Terminal T2 hosts 2 airlines.
Ryanair on your ticket, “Terminal 2” in the email
Your Ryanair or easyJet confirmation might say Terminal 2, but for departures you still pass through the same main security filter that sits in the shared T2/T3 check‑in hall at Málaga‑Costa del Sol Airport. Staff on the ground point you toward the general departures area first, and only after security do the signs split out toward older T2 gates vs the newer T3 pier.
Check‑in desks for low‑cost carriers like Ryanair and easyJet sit on the side long associated with T2, but since the opening of T3 in 2010 most passengers still walk the same central departures route. If your email says T2, plan to follow the airline logo on overhead boards at the curb, not the terminal number alone.
Post‑security, T2 and T3 share one continuous Schengen departures level, with gates all under the same “Puertas B/C/D” signage rather than big terminal labels. A Rick Steves forum post from 2023 spells this out clearly: they cleared security once, then followed signs inside for a Ryanair gate marked as T2 on the booking.
Facilities specifically branded as T2 are thin: no lounge list, no named restaurants, and no standout retail pulled out from airport maps. Food and shopping sit along the shared concourse that technically belongs to T3 but still feeds passengers holding “T2” boarding passes, so assume standard Spanish airport cafés and duty‑free rather than destination dining.

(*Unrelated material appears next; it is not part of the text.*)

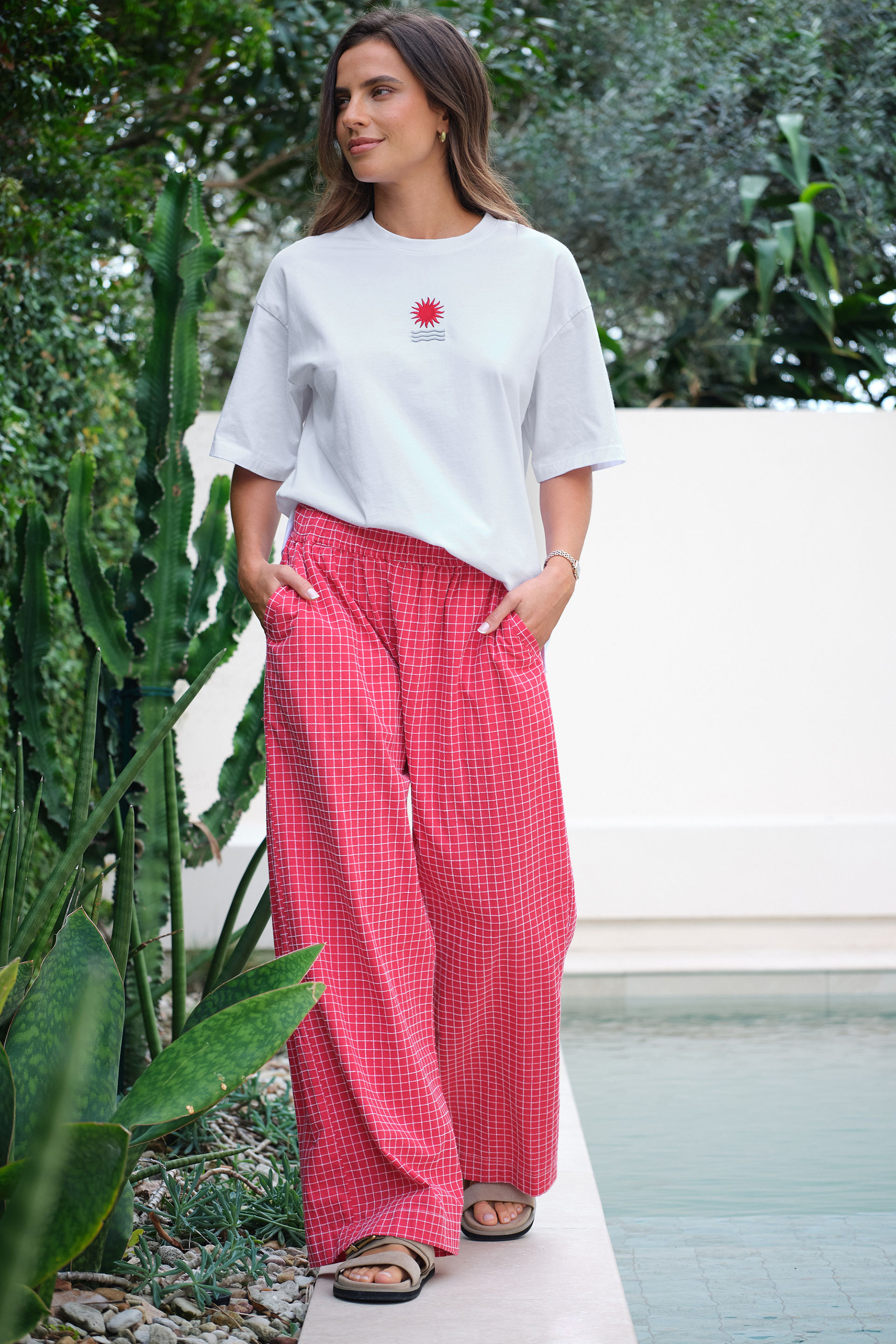 Meet our Lounge Pant – crafted for laid-back days. Made from 100% textured organic cotton , these pants feature an elasticated waist for ultimate comfort. With pockets in the side seam, a flattering wide leg and relaxed styling, perfect for those easy going days when you want to look chic without sacrificing comfort.

Arrivals into the historical T2 zone still use the same AGP baggage system and landside exits as T3, with car hire desks and train access signed simply as “Salidas/Arrivals” without a bright T2 marker. If you’re meeting someone, tell them to look for the main arrivals hall by the Cercanías C1 train signs, not a separate T2 door.

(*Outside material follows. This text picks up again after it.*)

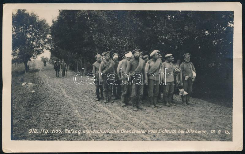 1915 Ditkowce (Ditkivci, Ukrajna) közelében történt betörés során elfo... https://www.darabanth.com/en/457-Online-auction/457.0/Art-and-other-collectibles/Military~1500011/1915-Ditkowce-Ditkivci-Ukrajna-kozeleben-tortent-betores-soran-elfogott-orosz-hadifoglyok-~II3034551

Ground transport works the same regardless of T2 or T3 on your ticket: the suburban train into Málaga María Zambrano runs roughly every 20 minutes from the station under the combined terminal, and the taxi rank sits just outside the shared arrivals forecourt. There’s no dedicated T2 bus bay; all city and Costa del Sol routes leave from the same curbside area.
Practical tip: build in an extra 15 minutes the first time you use AGP if your booking says T2, since wayfinding inside focuses on gates and airlines more than terminal numbers; once you clear security, follow your gate letter and carrier logo and ignore “T2” vs “T3” on old confirmation emails.